# WHAT THE TASK ASKS
Locate every line in the material below that has the word "your". Copy each of those lines.

# MATERIAL FOR THE TASK
::::
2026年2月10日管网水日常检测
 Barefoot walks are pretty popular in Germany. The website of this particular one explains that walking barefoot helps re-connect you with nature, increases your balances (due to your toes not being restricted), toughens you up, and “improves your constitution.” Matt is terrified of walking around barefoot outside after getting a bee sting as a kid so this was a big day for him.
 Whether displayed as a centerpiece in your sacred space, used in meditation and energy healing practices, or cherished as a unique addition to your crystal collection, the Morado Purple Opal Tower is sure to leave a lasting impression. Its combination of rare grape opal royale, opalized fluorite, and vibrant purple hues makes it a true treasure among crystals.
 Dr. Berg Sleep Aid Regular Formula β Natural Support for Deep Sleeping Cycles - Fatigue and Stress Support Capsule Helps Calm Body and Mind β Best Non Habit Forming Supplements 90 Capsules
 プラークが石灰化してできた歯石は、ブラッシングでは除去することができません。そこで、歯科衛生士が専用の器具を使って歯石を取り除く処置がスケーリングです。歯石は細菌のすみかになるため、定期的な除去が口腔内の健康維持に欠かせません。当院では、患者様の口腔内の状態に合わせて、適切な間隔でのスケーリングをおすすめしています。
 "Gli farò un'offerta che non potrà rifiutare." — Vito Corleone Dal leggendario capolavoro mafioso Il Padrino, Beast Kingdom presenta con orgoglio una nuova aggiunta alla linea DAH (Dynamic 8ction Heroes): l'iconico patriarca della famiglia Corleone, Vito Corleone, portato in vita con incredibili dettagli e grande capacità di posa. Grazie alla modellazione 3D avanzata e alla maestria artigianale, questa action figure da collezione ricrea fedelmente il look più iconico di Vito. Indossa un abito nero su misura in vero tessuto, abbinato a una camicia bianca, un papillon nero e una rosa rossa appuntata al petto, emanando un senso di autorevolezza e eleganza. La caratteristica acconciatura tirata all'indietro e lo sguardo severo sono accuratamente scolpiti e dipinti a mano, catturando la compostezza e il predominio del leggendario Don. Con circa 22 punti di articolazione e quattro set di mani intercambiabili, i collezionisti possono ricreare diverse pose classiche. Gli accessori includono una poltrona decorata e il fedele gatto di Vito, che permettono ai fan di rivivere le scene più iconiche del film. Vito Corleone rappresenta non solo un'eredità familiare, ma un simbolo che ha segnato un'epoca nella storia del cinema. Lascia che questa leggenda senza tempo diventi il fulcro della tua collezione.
::::
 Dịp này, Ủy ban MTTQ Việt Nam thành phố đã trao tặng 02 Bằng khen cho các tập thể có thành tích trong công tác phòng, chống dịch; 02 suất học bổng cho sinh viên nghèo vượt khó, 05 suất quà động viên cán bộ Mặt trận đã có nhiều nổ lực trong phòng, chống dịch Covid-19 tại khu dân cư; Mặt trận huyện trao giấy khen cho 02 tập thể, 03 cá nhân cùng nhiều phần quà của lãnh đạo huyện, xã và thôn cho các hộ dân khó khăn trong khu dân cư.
::::
# RESPONSE TO THIS TASK
 Barefoot walks are pretty popular in Germany. The website of this particular one explains that walking barefoot helps re-connect you with nature, increases your balances (due to your toes not being restricted), toughens you up, and “improves your constitution.” Matt is terrified of walking around barefoot outside after getting a bee sting as a kid so this was a big day for him.
 Whether displayed as a centerpiece in your sacred space, used in meditation and energy healing practices, or cherished as a unique addition to your crystal collection, the Morado Purple Opal Tower is sure to leave a lasting impression. Its combination of rare grape opal royale, opalized fluorite, and vibrant purple hues makes it a true treasure among crystals.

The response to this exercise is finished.